Segment Open

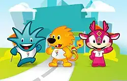 Os mascotes dos Jogos Pan-Americanos de 2011: Gavo, Leo e Huichi, da esquerda para a direita.
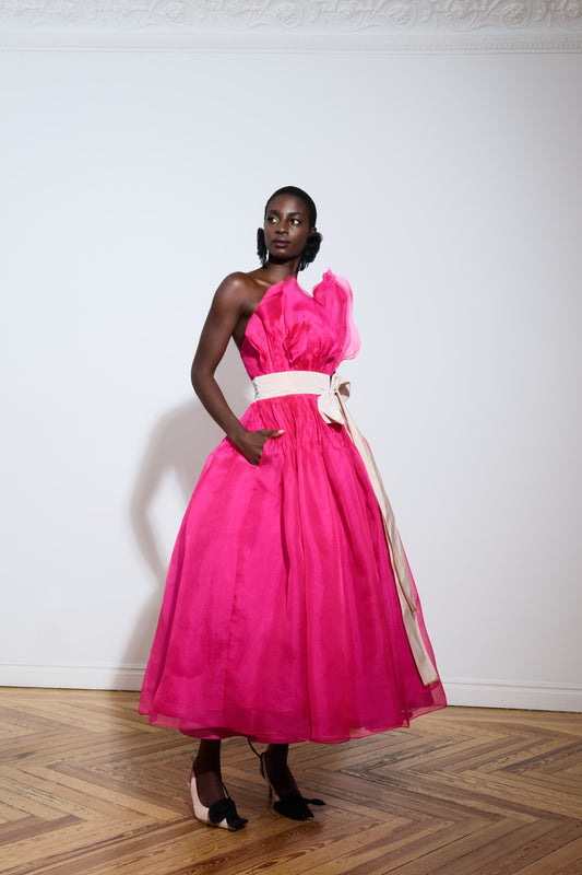 Vestido midi de organza con cristales
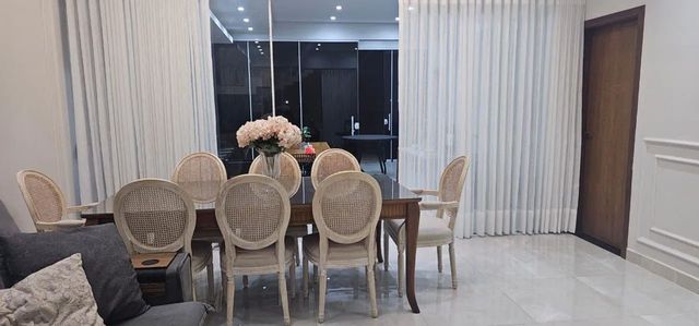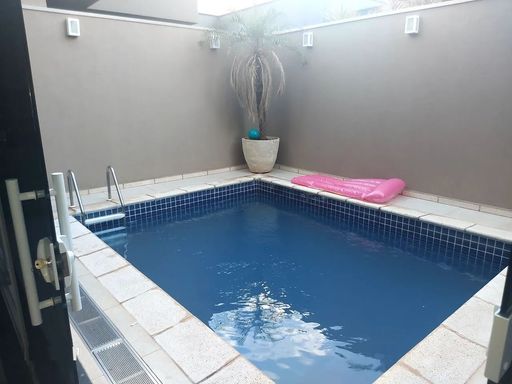 Sobrado à venda totalmente arejado e funcional, com 300 m² de construção, distribuídos em 3 quartos suítes, escritório, sala ampla com pé direito alto, área gourmet integrada com área da piscina, cozinha interna com cooktop, coifa e cristaleira.
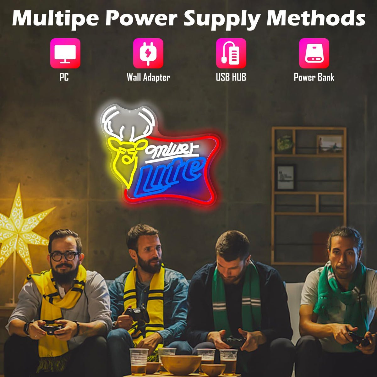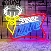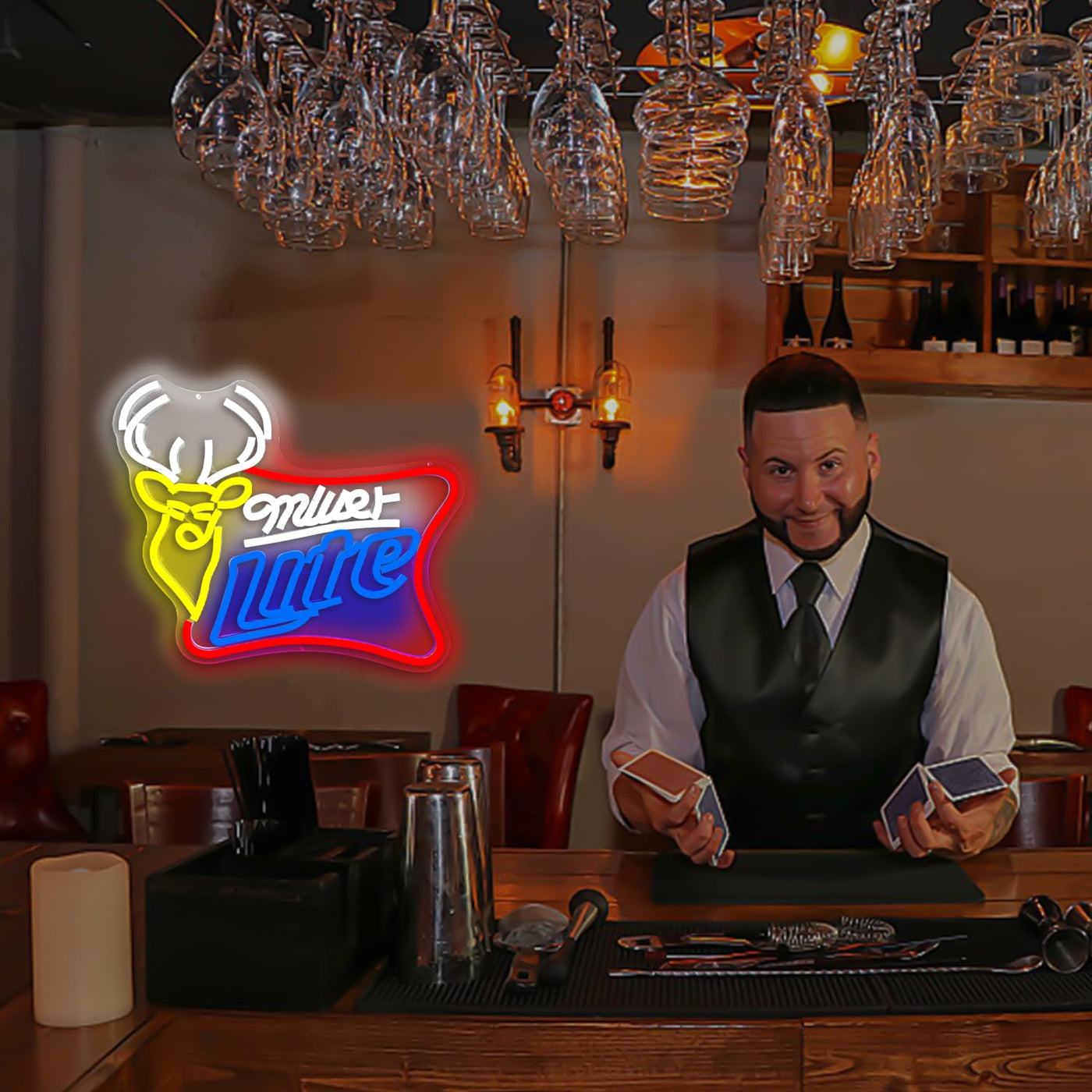 Light Up Your Space: Brighten your bar or home entertainment area with this miller lite neon sign. The bright font and iconic deer design infuse your space with unique charm.
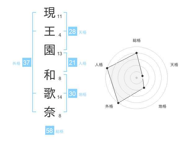 現王園 和歌奈さんを姓名の画数から五運を鑑定
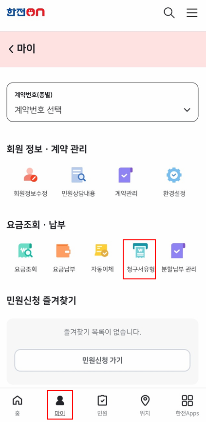 화면 중단에 '요금조회 - 납부' 항목이 있는데 이 중 '청구서유형'을 탭해주세요.
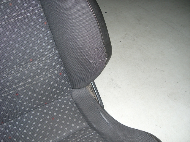 Fahrersitz hat ein Kratzer an der Sitzfläche und Gebrauchtspuren an der Rückenlehne.Lehnenbezug Hinten links hat ein Flecken.
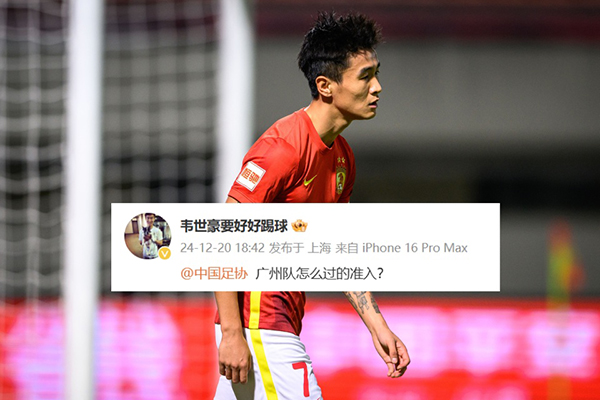 然而在足协清债名单公布后,多位球员在社媒公开发文质疑。率先发难的是29岁的当红国脚韦世豪,他直接@中国足协,质疑老东家广州队究竟是如何通过准入的。
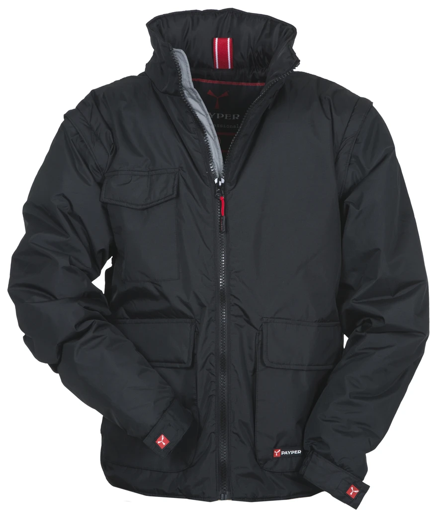 Herren-Jacke, abtrennbare Ärmel, 8 mm Reißverschluss aus Kunststoff mit Metallschieber, im Kragen einrollbare Kapuze, elastische Ärmelbündchen mit Verschluss, 2 geräumige Vordertaschen mit LOCK SYSTEM, 2 Seitentaschen, Handy-Brusttasche. Innenseite: wattiert, Reißverschluss zum einfacheren Veredeln mit Druck und Stick
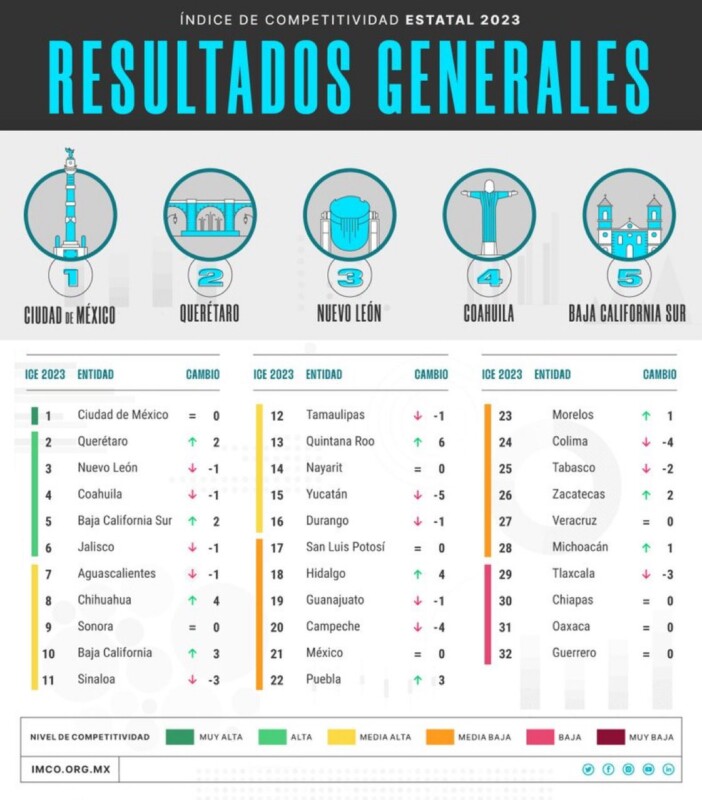 El Estado de Quintana Roo fue el Estado que más avanzó por su desempeño económico, inversión en infraestructura, eficiencia en gobierno, innovación, medio ambiente e inclusión, publicó el Índice de Competitividad Estatal (ICE) 2023, elaborado por el Instituto Mexicano para la Competitividad (IMCO).

Segment Closed

Copy the records exactly as they appear, excluding images.

 Os mascotes dos Jogos Pan-Americanos de 2011: Gavo, Leo e Huichi, da esquerda para a direita.
 Vestido midi de organza con cristales
 Sobrado à venda totalmente arejado e funcional, com 300 m² de construção, distribuídos em 3 quartos suítes, escritório, sala ampla com pé direito alto, área gourmet integrada com área da piscina, cozinha interna com cooktop, coifa e cristaleira.
 Light Up Your Space: Brighten your bar or home entertainment area with this miller lite neon sign. The bright font and iconic deer design infuse your space with unique charm.
 現王園 和歌奈さんを姓名の画数から五運を鑑定
 화면 중단에 '요금조회 - 납부' 항목이 있는데 이 중 '청구서유형'을 탭해주세요.
 Fahrersitz hat ein Kratzer an der Sitzfläche und Gebrauchtspuren an der Rückenlehne.Lehnenbezug Hinten links hat ein Flecken.
 然而在足协清债名单公布后,多位球员在社媒公开发文质疑。率先发难的是29岁的当红国脚韦世豪,他直接@中国足协,质疑老东家广州队究竟是如何通过准入的。
 Herren-Jacke, abtrennbare Ärmel, 8 mm Reißverschluss aus Kunststoff mit Metallschieber, im Kragen einrollbare Kapuze, elastische Ärmelbündchen mit Verschluss, 2 geräumige Vordertaschen mit LOCK SYSTEM, 2 Seitentaschen, Handy-Brusttasche. Innenseite: wattiert, Reißverschluss zum einfacheren Veredeln mit Druck und Stick
 El Estado de Quintana Roo fue el Estado que más avanzó por su desempeño económico, inversión en infraestructura, eficiencia en gobierno, innovación, medio ambiente e inclusión, publicó el Índice de Competitividad Estatal (ICE) 2023, elaborado por el Instituto Mexicano para la Competitividad (IMCO).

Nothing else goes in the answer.